1. If evil exists, then either God does not, or.
2. God is either not good (else, he would prevent evil), or he is not powerful (unable to prevent evil).
3. Thus, a god too weak to prevent evil or too evil to so desire, is not God at all.

The Bible presents a very different explanation of the problem of evil.
A. The World was made well and good.
i. Gen. 1, 2: “and it was good.”
ii. “and it was good.”
B. The World remains essentially good.
i. Jesus walked the earth without suit armor.
ii. Jesus provided an ethic for dealing with the world as it is and as it will be.
C. The World is now morally broken and in need of repair.
i. Genesis 3:1-7
ii. Genesis 3:8-
D. The World is being reconstructed by the Creator God who made it.
i. Our moral problem was addressed directly by God in Genesis 3:9-15
ii. The shame of Adam and Eve was directly confronted by God’s seeking them out.
iii. The question of cause is highlighted by
1. God’s direct questions, “Where are you…Who told you…?
2. Many other questions were left unanswered!
a. Where did evil originate?
b. Why was a serpent in the Garden?
c. Why did the serpent choose to use its cunning in such a deceptive manner?
iv. The problem of human rebellion was
1. confronted by God
2. addressed by expulsion from the Garden.
a. The rebellion problem was treated with expulsion and curses.
i. Avoid the Tree of Life.
ii. Endure the curses for the serpent, the man, the woman, and their posterity.
1. Posterity includes us; the blessing of fruitfulness was not rescinded; yet…
2. A curse for the Posterity means that the brokenness runs through even the best of us, “and he died…” as we all do!
b. The wickedness of Noah’s time was treated with a torrential Flood.
c. The arrogance of Babel’s Tower was treated with confusion and dispersal.
3. What do we learn?
a. Satan, who introduces evil into the world, is important, but not all-important; ‘the devil made me do it’ is not an accepted excuse.
b. Human responsibility is highlighted, not diminished.
c. Human evil-doing is mixed up with the brokenness of the creation.
d. The eradication of evil in the world will not come as a mere spoken word; the process is much more complicated, because
i. The world is still mostly good.
ii. Humans will be the means of restoration.
1. Adam & Eve, Cain & Abel.
2. Abraham & Israel.
3. Jesus & the church.

N.T. Wright: "Evil and the Justice of God"
…the OT never tries to give us the sort of picture the philosophers want, that of a static world order with everything explained tidily. At no point does the picture collapse into the simplistic one which so many skeptics assume must be what religious people believe, in which God is the omnicompetent managing director of a very large machine and ought to be able to keep it in proper working order. What we are offered instead is stranger and more mysterious: a narrative of God’s project of justice within a world of injustice.

2 comments:

darrell said...

here's something I wrote on my site www.darrellepp.com
Some Problems With Atheism
February 22nd, 2008

“In the absence of any other proof, the thumb alone would convince me of God’s existence.”

–Sir Isaac Newton



I agree with him. If I take a moment to admire it, the way it grasps, the way it swivels and pivots through so many planes and angles, it also seems to me to suggest the handiwork of an intelligent hand.
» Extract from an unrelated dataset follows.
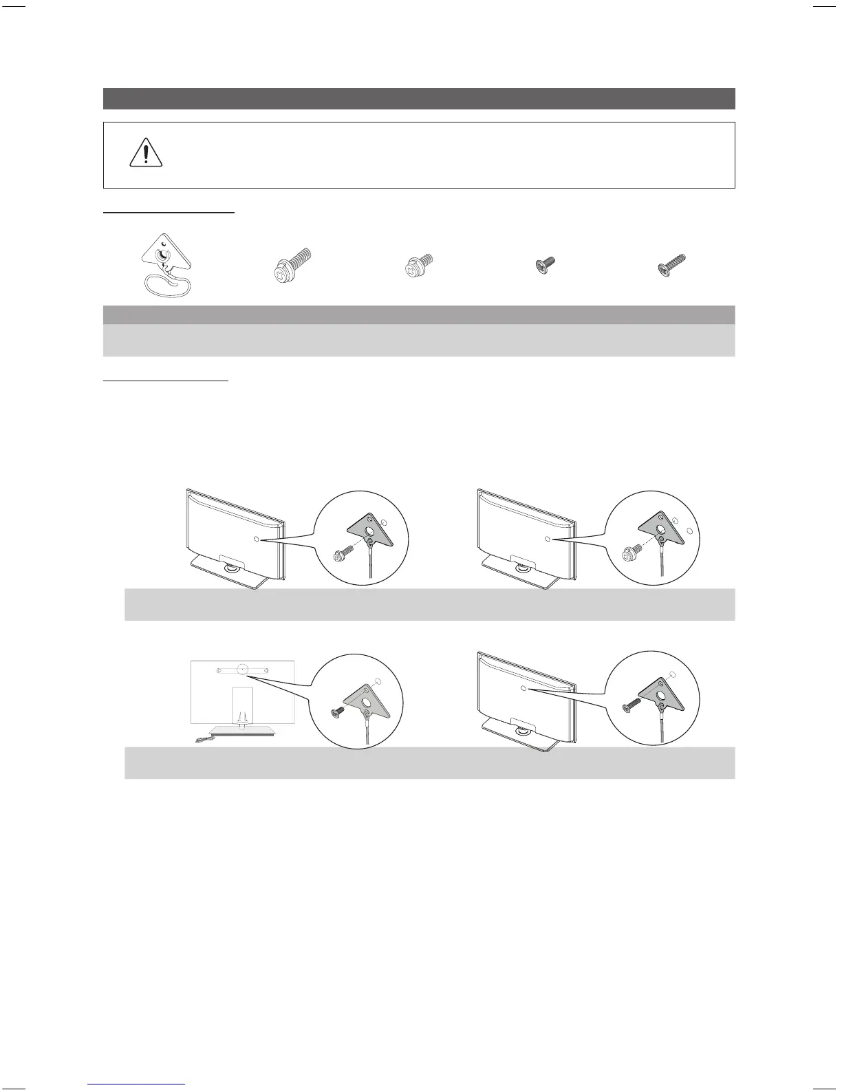 Make sure to use only the appropriate supplied screw. If you use a different screw, you can damage your TV.

Of course the prevailing view says that, no, the thumb is not the result of God’s handiwork, it’s the result of time plus chance, and millions of years of random mutations. I think that view requires quite a bit more mental gymnastics than Newton’s. Let’s turn the thought experiment around. Say an atheist and his friend were walking on a small uninhabited island. They find a pencil on the ground. The atheist says, “Wow, I guess someone must have been here, at some time in the past.” His friend says no, you can’t jump to that conclusion, the pencil does not prove that someone built the pencil and then left it on the island, the pencil is most likely the product of natural random forces, like wind, gravity, erosion, and plate tectonics. The atheist says that’s nuts, that for whatever reason, his friend is going to great lengths to deny the truth that was quite plainly staring them in the face. I think the atheist would be quite right in saying that.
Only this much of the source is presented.